Your reply must contain the lines from the one with "DIN(圖 2)。PCM 數據格式不需要調制器或應用處理器上數據的上采樣來提供立體聲數據。" through the last line of the material, exact and complete, with no pictures and no other text.
##### SUPPLIED DATA
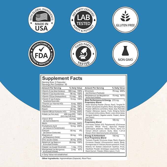 - Immunity and Health Support: Powerful botanical blends together and multivitamins for men like Vitamins A, C, E, and Zinc help promote overall health and wellness by combating free radicals and strengthening the immune system.
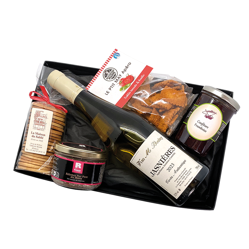 Pour cette jolie corbeille de produits sarthois, la Conciergerie du goût a sélectionné pour vous
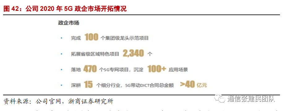 2020 年中国移动初步实现了 5G 的体系化发展,全面夯实了 5G 规模应用基础:推出5G 专网系列产品,发布“优享、专享、尊享”服务模式及 BAF 多量纲商业模式,针对客户需求提供大网切片、公有专用、专网专用三种模式,实现 5G 专网产品化;公司打造了 100 个集团级龙头示范项目,拓展了 2340 个省级区域特色项目,落地 470 个 5G 专网项目,沉淀100+应用场景,在15个细分行业推广的领跑优势逐步显现,带动5G DICT合同超 40 亿元。
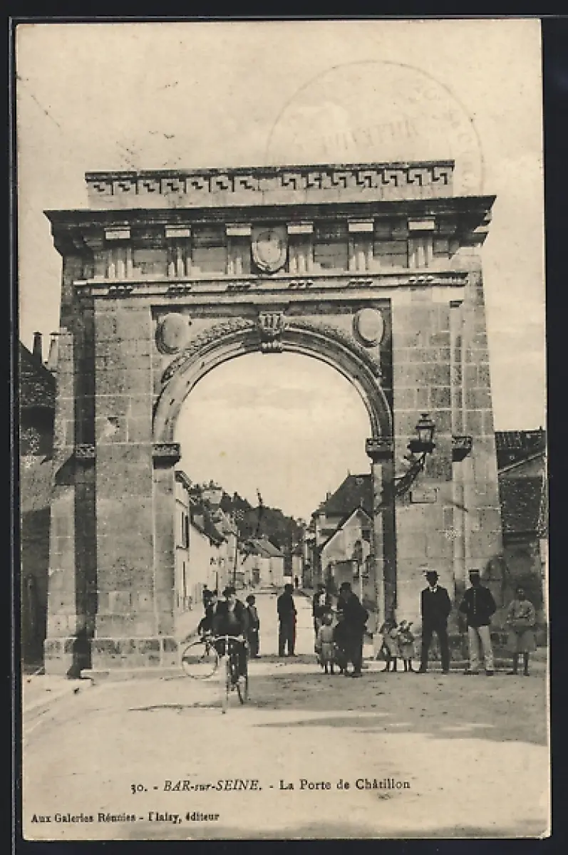 AK Bar-sur-Seine, La Porte de Châtillon avec des passants et un cycliste
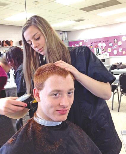 Pictured, Summer Den Haese (Niagara-Wheatfield) gives Mitchell Warnick (Niagara-Wheatfield) a haircut.
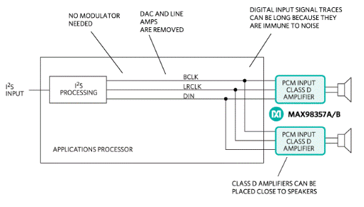 由于其高效率和出色的EMI性能,無濾波器數字輸入D類放大器已成為消費電子設備中驅動揚聲器的公認標準。這是因為它們不受與模擬對應物相關的電路板設計問題的影響,最具體地說是信號完整性。單通道數字D類放大器可以放置在電路板上的遠程位置,以最大限度地減少大電流電池和揚聲器負載連接的布線。這些放大器不需要模擬輸入D類設計所需的DAC和線路驅動器。因此,空間和系統成本下降,設計變得更加簡單。許多D類放大器接受脈沖編碼調制(PCM)或I類放大器2需要三根導線的 S 數據:BCLK、LRCLK 和 DIN(圖 2)。PCM 數據格式不需要調制器或應用處理器上數據的上采樣來提供立體聲數據。
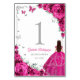 Fuchsienrosa silberne und weiße Quinceanera-Tischnummernkarten. Enthält ein Mädchen mit braunen Haaren im Ballkleid, Schriftart, silbernen Schmetterlingen, heißen rosa Rosen und Tiara. Perfekt für eine elegante Prinzessinnen-Glamour-Feier. Personalisieren Sie mit Ihren eigenen Details.
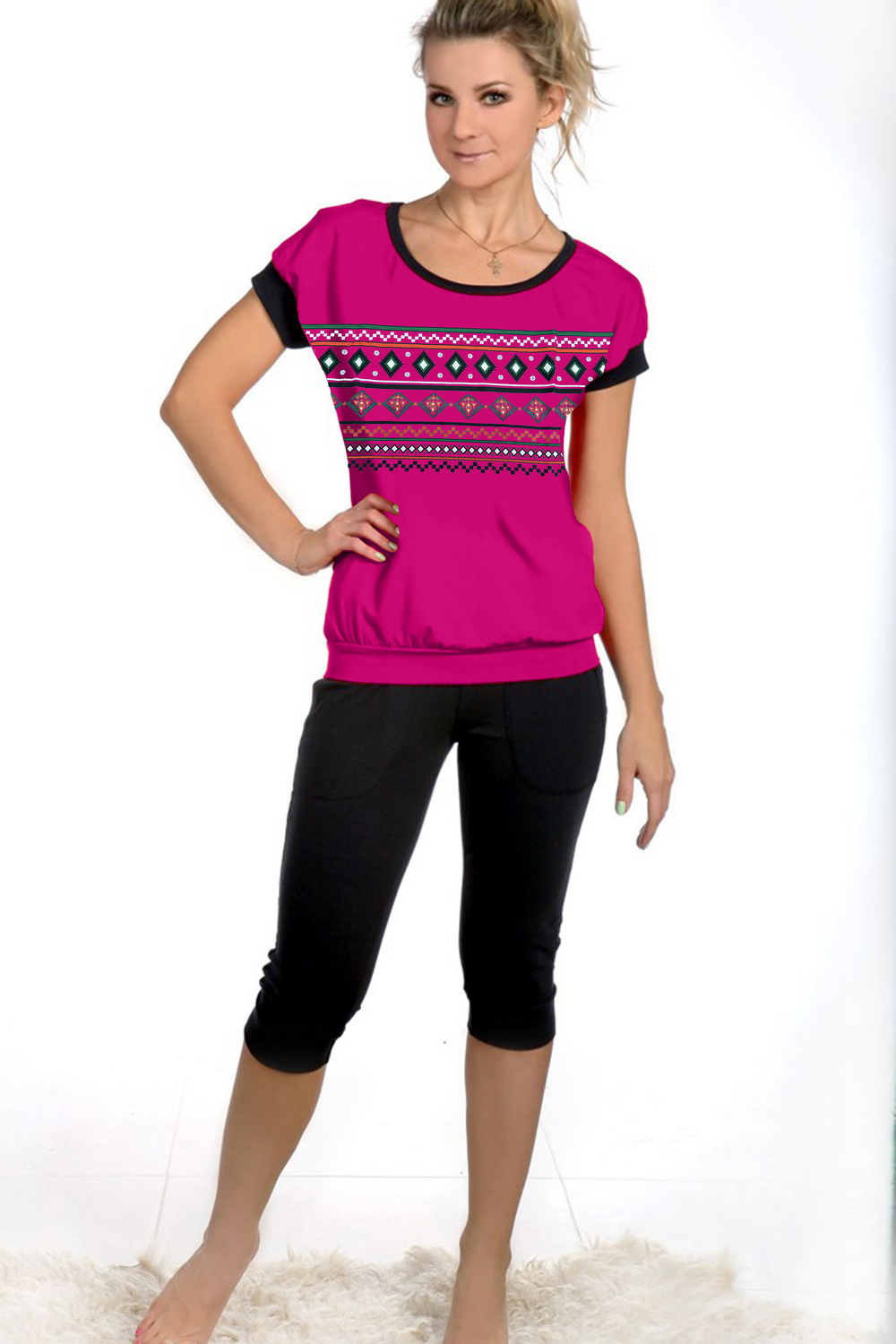 Женская пижама с бриджами и футболкой с коротким рукавом - идеальный баланс стиля и уюта. Модель выполнена из высококачественного кулирного волокна. Комфортный фасон и аккуратный дизайн
##########
- RESPONSE TO THE EXERCISE -
 由于其高效率和出色的EMI性能,無濾波器數字輸入D類放大器已成為消費電子設備中驅動揚聲器的公認標準。這是因為它們不受與模擬對應物相關的電路板設計問題的影響,最具體地說是信號完整性。單通道數字D類放大器可以放置在電路板上的遠程位置,以最大限度地減少大電流電池和揚聲器負載連接的布線。這些放大器不需要模擬輸入D類設計所需的DAC和線路驅動器。因此,空間和系統成本下降,設計變得更加簡單。許多D類放大器接受脈沖編碼調制(PCM)或I類放大器2需要三根導線的 S 數據:BCLK、LRCLK 和 DIN(圖 2)。PCM 數據格式不需要調制器或應用處理器上數據的上采樣來提供立體聲數據。
 Fuchsienrosa silberne und weiße Quinceanera-Tischnummernkarten. Enthält ein Mädchen mit braunen Haaren im Ballkleid, Schriftart, silbernen Schmetterlingen, heißen rosa Rosen und Tiara. Perfekt für eine elegante Prinzessinnen-Glamour-Feier. Personalisieren Sie mit Ihren eigenen Details.
 Женская пижама с бриджами и футболкой с коротким рукавом - идеальный баланс стиля и уюта. Модель выполнена из высококачественного кулирного волокна. Комфортный фасон и аккуратный дизайн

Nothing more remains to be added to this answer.